Usages
Generating MSA
Generate an MSA by hhblits
hhblits
# Use HHBLITS to generate MSA
tmp_dirt=<temporary directory>
n_threads=4 # number of threads
id=1A2YA # PDB ID and chain of an example
hhblits \
-v 0 \
-d /<directory_to_the_database>/uniclust/UniRef30_2020_03 \
-cpu ${n_threads} \
-n 5 \
-E 0.001 \
-o ${tmp_dirt}/${id}.hhr \
-opsi ${tmp_dirt}/${id}_psiblast.aln \
-i /<directory_to_the_FASTA>/${id}.fasta
Generate an MSA by jackhmmer
jackhmmer
jackhmmer \
--notextw \
--cpu ${n_threads} \
-A ${tmp_dirt}/${id}.sto \
--tblout ${tmp_dirt}/${id}_tbl.out \
--domtblout ${tmp_dirt}/${id}_domtbl.out \
-E 0.01 \
--popen 0.25 \
--pextend 0.4 \
${seq_dirt}/${id}.fasta \
/<directory_to_the_database>/uniref100.fasta \
# Convert format
amo sequence_converter \
-jobname ${id} \
-type 1 \
-msa ${tmp_dirt}/${id}.sto \
-threads ${n_threads} \
-output ${out_dirt}
Usage of AMO
amo: usage command line
amo <command> <args>
These are common Ler commands used in various situations:
get amo and system info. (see also: amo help tutorial)
about -about amo
usage -usage of amo
work on the omics (see also: amo help metaomics)

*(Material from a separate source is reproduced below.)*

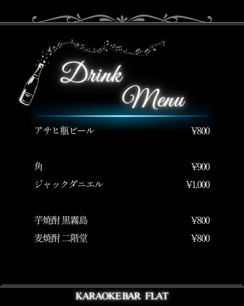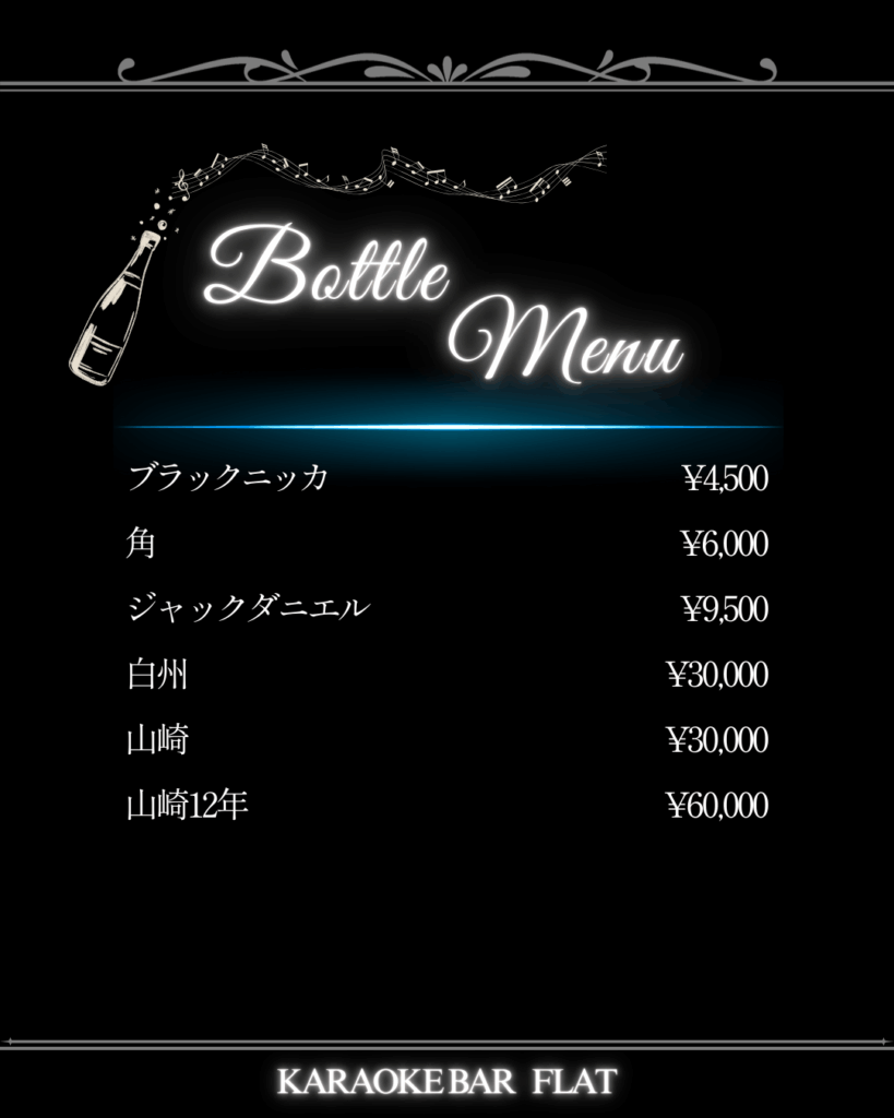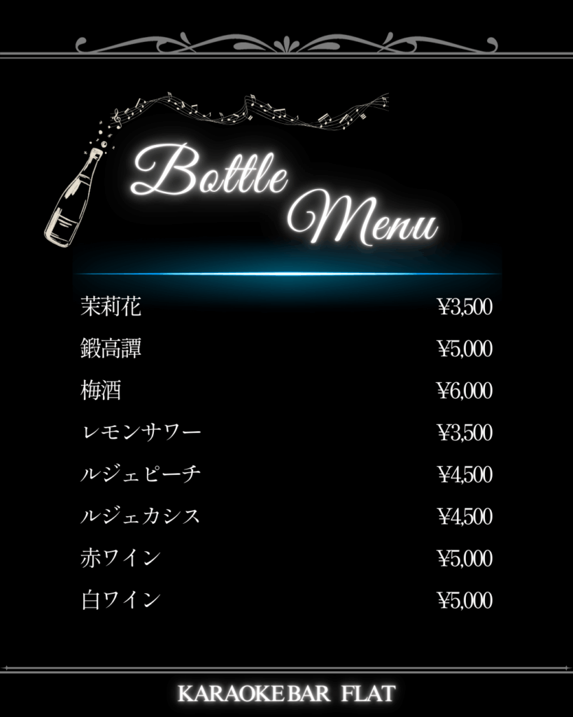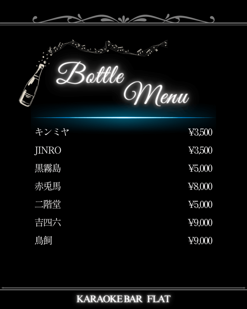 このプランの最大の魅力は時間無制限で歌い放題になることです。お好きなボトルを選んで好きな割りものでご自身のペースで割って飲んで頂けます。もちろん一緒に来た方とシェアして頂けます。ボトルの料金は3500円からとなり、割りものはデキャンタでの提供で1000円、アイスが200円です。料金は飲む分が加算されるだけなのでコスパ良く時間を気にせずに過ごして頂けます。ボトルが残った場合は次回以降にキープさせて頂きます。キープボトルがある場合の料金は男性の方は2700円から、女性の方は1200円から時間無制限で歌い放題をお楽しみ頂けます。
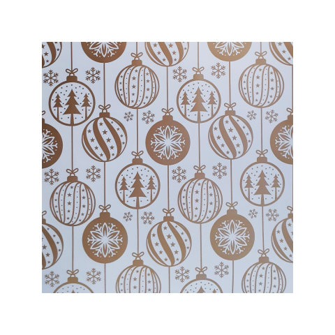 Az Aranyszínű karácsonyi díszek mintás csomagolópapír elegáns és ünnepi választás, amely exkluzív megjelenést kölcsönöz ajándékaidnak. A fehér alapon arany színben pompázó karácsonyfadíszek, hópelyhek és fenyőfák mintázata kifinomult és modern stílust tükröz, így bármilyen ajándékot különlegessé varázsol.

sff2fastq -convert an SFF file from the 454 genome sequencer
to FASTQ including the sequences and quality scores
base_call -Base calling
atgc_stats -Statistics of FASTQ sequence
atgc_quality -Quality control
atgc_correct -Correct errors in sequencing data
atgc_assembly -sequence assembly by de Bruijn graph or ant colony optimization
read_filter -Filter reads with low quality
kmer_counter -count kmer
kmer_generator -generate kmers
work on the proteomics (see also: amo help proteomics)
sequence_converter -convert the ouput of Jackhmmer to fasta
sequence_mix -pairwise-mixture protein sequences (particular for GPCR-G proteins)
sequence_trim -trim a multiple protein sequence alignment
sequence_stats -statistical analysis on a protein mutiple sequence alignment
sequence_coupling -coupled relationship betwen pairwise protein residues and functional sectors
sequence_eca -infer coupled blocks of protein residues at conserved sites
sequence_energy -calculate energy for a protein sequence or multiple sequences
sequence_design -design a protein sequence
sequence_ddg -infer protein stability (ddG = dG_wt - dG_mutant)
point_mutation -point mutation for a given protein sequence
residue_contact -estimate contacts between pairwise residues from protein MSA
selectivity_sector -detect selectivity sectors of determinants in GPCR-G proteins
work on protein folding
pdb_parser -parser a PDB file and write it out in simplified PDB format and/or FASTA sequence file
fasta2pdb -convert protien amino acid sequence into its extended structure
fold_protein -predict tertiary structure
protein_folding -predict folding pathways & tertiary structure
calc_contact -calculate residue contacts from a give PDB file
work on statistics (see also: amo help statistics)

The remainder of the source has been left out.